PEER PRESSURE

As you get older, you are going to be put in many situations where you will have to make decisions. Some of these decisions are going to be made easily, like deciding which classes you want to take next semester, and some of them are going to challenge your moral fiber, like deciding whether or not to skip class or to start smoking cigarettes. When you are faced with these problems, you are going to have to choose a path to take that may or may not change your life forever.

As if it wasn’t hard enough to make these decisions on your own, it becomes a thousand times harder when there are other people in the picture trying to tell you which choices they think you should make. Do you listen to your head? Do you listen to your friends or family or girlfriend/boyfriend? Can you live with the choice you make?

People who are around your age, like your friends or your classmates, are called peers. When they try to influence you to act or think a certain way, it’s called peer pressure, and it is something everyone goes through.

So why do people give in to peer pressure?

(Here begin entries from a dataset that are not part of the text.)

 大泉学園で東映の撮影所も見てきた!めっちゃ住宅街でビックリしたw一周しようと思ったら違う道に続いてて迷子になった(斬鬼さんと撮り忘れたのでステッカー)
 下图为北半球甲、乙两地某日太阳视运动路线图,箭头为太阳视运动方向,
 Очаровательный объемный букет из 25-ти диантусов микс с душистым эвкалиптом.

Some people give in to peer pressure because they want to be liked, they want to "fit in," or because they worry they’ll get made fun of if they don't do what others want. Some may go along because they are curious to try something new or to see how the crowd will react. It happens all the time. People will leave their moral fiber and their common sense behind because they are fooled by the idea that "everyone's doing it."

So what do you do?

As hard as it is to say "no" to peer pressure, you have to remember that you are the one who has to live with your decisions. If you decide to go along with the crowd, you can’t blame someone else for your actions later on because you CHOSE to do it. If you decide that you don’t want to follow the crowd, remember these few things:

Stay polite: Even if you don’t want to give in to peer pressure, getting enraged won’t help the matter. It might even get you in to more trouble if a physical confrontation happens.

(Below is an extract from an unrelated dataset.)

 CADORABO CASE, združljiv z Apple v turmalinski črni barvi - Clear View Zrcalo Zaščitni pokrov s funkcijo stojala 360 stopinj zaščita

Give a reason: You can say anything from "I’m too busy right now", "I’m allergic", to "no thanks, I’m not in the mood." Have something ready in your head so you are prepared when the times comes.

Make a joke: Sometimes being silly can remove the tension and the spotlight that’s on you. Plus it might distract the person pressuring you and change the subject.

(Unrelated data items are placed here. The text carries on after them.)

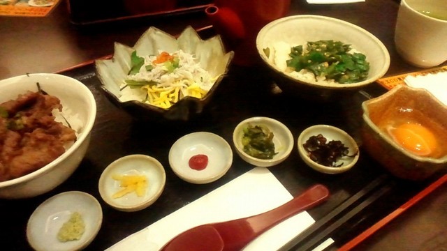 またまたクチコミ失礼します。私の大好きな栄光の丼は、色々な食材を、ひつまぶしのように何度も楽しめます。そのままの味、薬味をつけて、出汁や卵をかけてと変わる味付けですが、出汁であっさりするか、卵でこってりさせるかで仕上げの味も変わってきます。何回食べても飽きませんし、一度に色々楽しめるのはお得です。男性には量が少ないかもですが、女性にとっては少し多い位ですかね。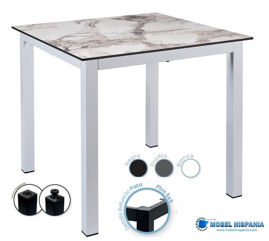 mesas de aluminio reforzadas con tablero compacto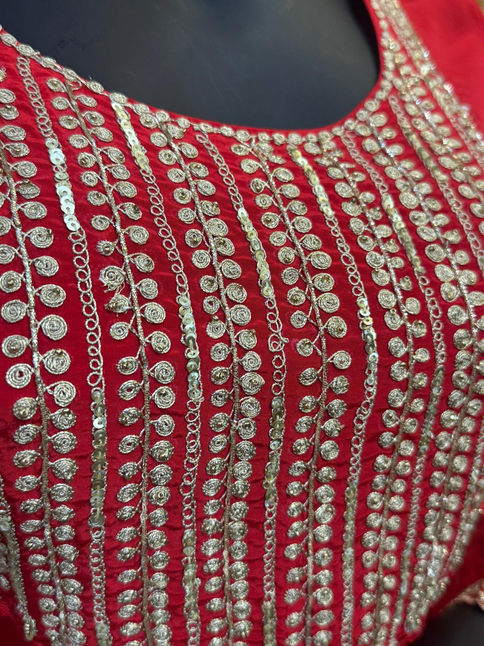 This stunning C-cut suit in rich red features graceful curved hemlines and flared plazo pants for a flowy silhouette. The neckline is beautifully adorned with vertical Zari embroidery, complemented by an ornate central motif and scalloped detailing on the sleeves and hem—perfect for festive celebrations or cultural gatherings.
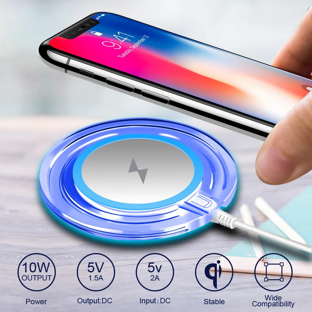 Быстрое беспроводное зарядное устройство 10 Вт для Samsung Galaxy S10 S9S9 + S8 Note 9, USB зарядная подставка Qi для iPhone 11 Pro XS Max XR X 8 Plus

Remember to listen to that voice in your head. It is usually right.

Suggest another idea: Sometimes just flat out changing the subject is all you need to do. If someone pressures you to do something, simply say, "How about we _________ instead."

Walk away: Believe it or not, you don’t have to explain yourself. You do not have to give a reason for not wanting to do something because the only thing that matters is that you don’t want to do it. Your friends (or whoever is pressuring you) should respect your decision regardless of why you chose it.